2 releases
0.16.1 | Oct 16, 2024 |
---|---|
0.16.0 | Oct 16, 2024 |
#370 in Algorithms
129 downloads per month
4MB
970 lines
Density
Superfast compression library
Density is a free, pure rust (formerly C99) open-source compression library.
It is focused on high-speed compression, at the best ratio possible. Density's algorithms are currently at the pareto frontier of compression speed vs ratio (cf. here for an independent benchmark).
Density features a simple API to enable quick integration in any project.
Why is it so fast ?
One of the biggest assets of density is its work unit: unlike most compression algorithms, it is not a byte but a group of 4 bytes.
When other libraries consume one byte of data to apply their algorithmic processing, density consumes 4 bytes.
That's why density's algorithms have been designed from scratch. They cater for 4-byte work units and still provide interesting compression ratios.
Speed pedigree traits
- 4-byte work units
- heavy use of registers as opposed to memory
- avoidance of or use of minimal branching when possible
- use of low memory data structures to favor processor cache Lx storage
- library wide inlining
A "blowup protection" is provided, dramatically increasing the processing speed of incompressible input data. The aim is to never exceed original data size, even for incompressible inputs.
Benchmarks
Quick benchmark
Density features an integrated single-core in-memory benchmark.
Just use cargo bench
to assess the performance of the library on your platform, as well as lz4's and snappy's,
using the
dickens file from the renowned silesia corpus.
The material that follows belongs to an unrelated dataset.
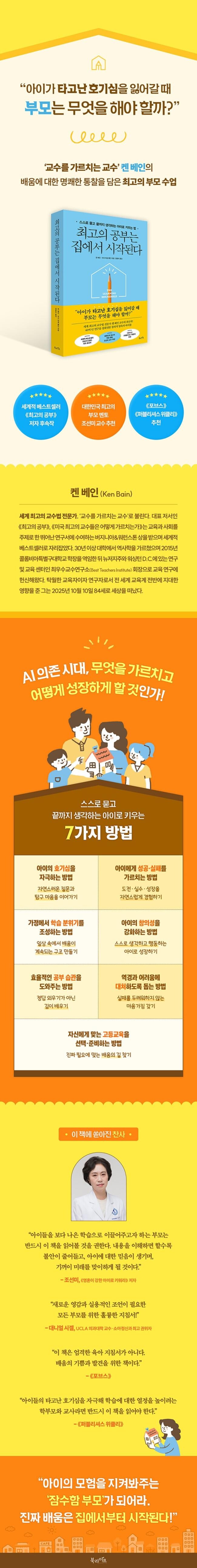 저자인 켄 베인 교수는 인간은 태어날 때부터 자연적 호기심을 본성으로 지닌 학습자라 강조하며, 이 타고난 배움의 추진력이 억압되느냐, 확장되느냐가 아이 인생 전반의 학습 태도와 사고방식을 결정한다고 밝힌다. 이러한 관점은 세계 최고의 교육열을 자랑하는 한국 부모들에게 시사하는 바가 크다. 요즘 아이들은 수업 시간에 질문을 거의 하지 않는다. 서로 질문하며 생각을 나누고 토론하며 배우는 게 아니라 일방적인 가르침이 주된 교육 방식이었기 때문이다. 하지만 정답만 외워서는 아이의 미래 역량을 키울 수 없다. 아이들이 가진 배움의 불씨가 꺼지지 않도록 ‘어떤 공부를 시켜야 하는가’보다 먼저 ‘아이의 질문과 관심이 어디를 향해 있는가’를 살피는 기준 전환이 필요하다.

It is also possible to run the benchmark with your own files, using the following command: FILE=... cargo bench
(replace ... with a file path).
Popular compression test files include
the silesia corpus files
or enwik8.
Third-party benchmarks
Other benchmarks featuring density (non-exhaustive list) :
-
squash is an abstraction layer for compression algorithms, and has an extremely exhaustive set of benchmark results, including density's, available here.
-
lzbench is an in-memory benchmark of open-source LZ77/LZSS/LZMA compressors.
Build
Density can be built on a number of rust-compatible platforms. First use rustup to install rust.
a) get the source code:
git clone https://github.com/g1mv/density.git
cd density
b) build and test:
cargo build
cargo test
c) run benchmarks with or without your own files:
cargo bench
FILE=... cargo bench
About the algorithms
Density's algorithms are general purpose, very fast algorithms. They empirically exhibit strong performance (pareto frontier speed/ratio) on voluminous datasets and text-based datasets, and are less performant on very small datasets. Their 4-byte work unit approach makes them "slower learners" than Lempel-Ziv-based algorithms, albeit being much faster theoretically.
Algorithm | Speed rank | Ratio rank | Dictionary unit(s) | Prediction unit(s) | Sig. size (bytes) |
---|---|---|---|---|---|
chameleon | 1st | 3rd | 1 | 0 | 8 |
cheetah | 2nd | 2nd | 2 | 1 | 8 |
lion | 3rd | 1st | 2 | 5 | 6 |
Chameleon is a dictionary lookup based compression algorithm. It is designed for absolute speed (GB/s order) both for compression and decompression.
Cheetah, developed with inputs from Piotr Tarsa, is derived from chameleon and uses swapped dual dictionary lookups with a single prediction unit.
Lion is derived from chameleon/cheetah. It uses different data structures, dual dictionary lookups and 5 prediction units, giving it a compression ratio advantage on moderate to highly compressible data.
Quick start
Using density in your rust code is a straightforward process.
Include the required dependency in the Cargo.toml file:
[dependencies]
density = "0.16.0"
Use the API:
use std::fs::read;
use density::algorithms::chameleon::chameleon::Chameleon;
fn main() {
let file_mem = read("file_path").unwrap();
let mut encoded_mem = vec![0_u8; file_mem.len() << 1];
let encoded_size = Chameleon::encode(&file_mem, &mut encoded_mem).unwrap();
let mut decoded_mem = vec![0_u8; file_mem.len() << 1];
let decoded_size = Chameleon::decode(&encoded_mem[0..encoded_size], &mut decoded_mem).unwrap();
}
And that's it! We've done a compression/decompression round trip with a few lines!